SUPPLIED DATA -
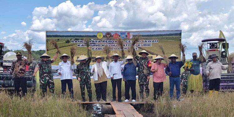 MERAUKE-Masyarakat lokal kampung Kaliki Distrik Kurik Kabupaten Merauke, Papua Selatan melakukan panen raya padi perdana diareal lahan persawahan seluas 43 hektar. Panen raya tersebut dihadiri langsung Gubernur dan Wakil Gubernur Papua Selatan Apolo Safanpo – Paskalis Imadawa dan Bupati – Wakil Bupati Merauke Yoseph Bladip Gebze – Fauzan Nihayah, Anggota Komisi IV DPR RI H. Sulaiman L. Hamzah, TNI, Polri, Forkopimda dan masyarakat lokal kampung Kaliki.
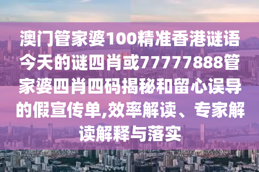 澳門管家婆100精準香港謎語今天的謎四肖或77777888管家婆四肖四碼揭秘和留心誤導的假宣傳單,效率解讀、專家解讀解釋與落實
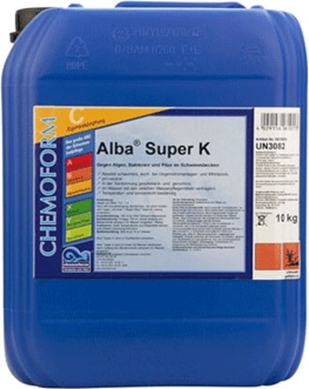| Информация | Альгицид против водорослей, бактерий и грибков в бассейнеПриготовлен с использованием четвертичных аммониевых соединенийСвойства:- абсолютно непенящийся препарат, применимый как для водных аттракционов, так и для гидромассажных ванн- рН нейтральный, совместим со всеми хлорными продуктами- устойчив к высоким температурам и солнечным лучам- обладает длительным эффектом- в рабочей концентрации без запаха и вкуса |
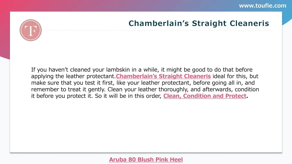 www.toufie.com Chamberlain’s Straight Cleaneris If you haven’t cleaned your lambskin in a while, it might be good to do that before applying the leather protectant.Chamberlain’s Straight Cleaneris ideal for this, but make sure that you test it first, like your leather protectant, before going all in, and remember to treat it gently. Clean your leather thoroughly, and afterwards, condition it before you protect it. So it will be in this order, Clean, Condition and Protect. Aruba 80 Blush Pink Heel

DIRECTIONS - With images omitted, retype the data word for word.

RESPONSE TO THE EXERCISE -
 MERAUKE-Masyarakat lokal kampung Kaliki Distrik Kurik Kabupaten Merauke, Papua Selatan melakukan panen raya padi perdana diareal lahan persawahan seluas 43 hektar. Panen raya tersebut dihadiri langsung Gubernur dan Wakil Gubernur Papua Selatan Apolo Safanpo – Paskalis Imadawa dan Bupati – Wakil Bupati Merauke Yoseph Bladip Gebze – Fauzan Nihayah, Anggota Komisi IV DPR RI H. Sulaiman L. Hamzah, TNI, Polri, Forkopimda dan masyarakat lokal kampung Kaliki.
 澳門管家婆100精準香港謎語今天的謎四肖或77777888管家婆四肖四碼揭秘和留心誤導的假宣傳單,效率解讀、專家解讀解釋與落實
| Информация | Альгицид против водорослей, бактерий и грибков в бассейнеПриготовлен с использованием четвертичных аммониевых соединенийСвойства:- абсолютно непенящийся препарат, применимый как для водных аттракционов, так и для гидромассажных ванн- рН нейтральный, совместим со всеми хлорными продуктами- устойчив к высоким температурам и солнечным лучам- обладает длительным эффектом- в рабочей концентрации без запаха и вкуса |
 www.toufie.com Chamberlain’s Straight Cleaneris If you haven’t cleaned your lambskin in a while, it might be good to do that before applying the leather protectant.Chamberlain’s Straight Cleaneris ideal for this, but make sure that you test it first, like your leather protectant, before going all in, and remember to treat it gently. Clean your leather thoroughly, and afterwards, condition it before you protect it. So it will be in this order, Clean, Condition and Protect. Aruba 80 Blush Pink Heel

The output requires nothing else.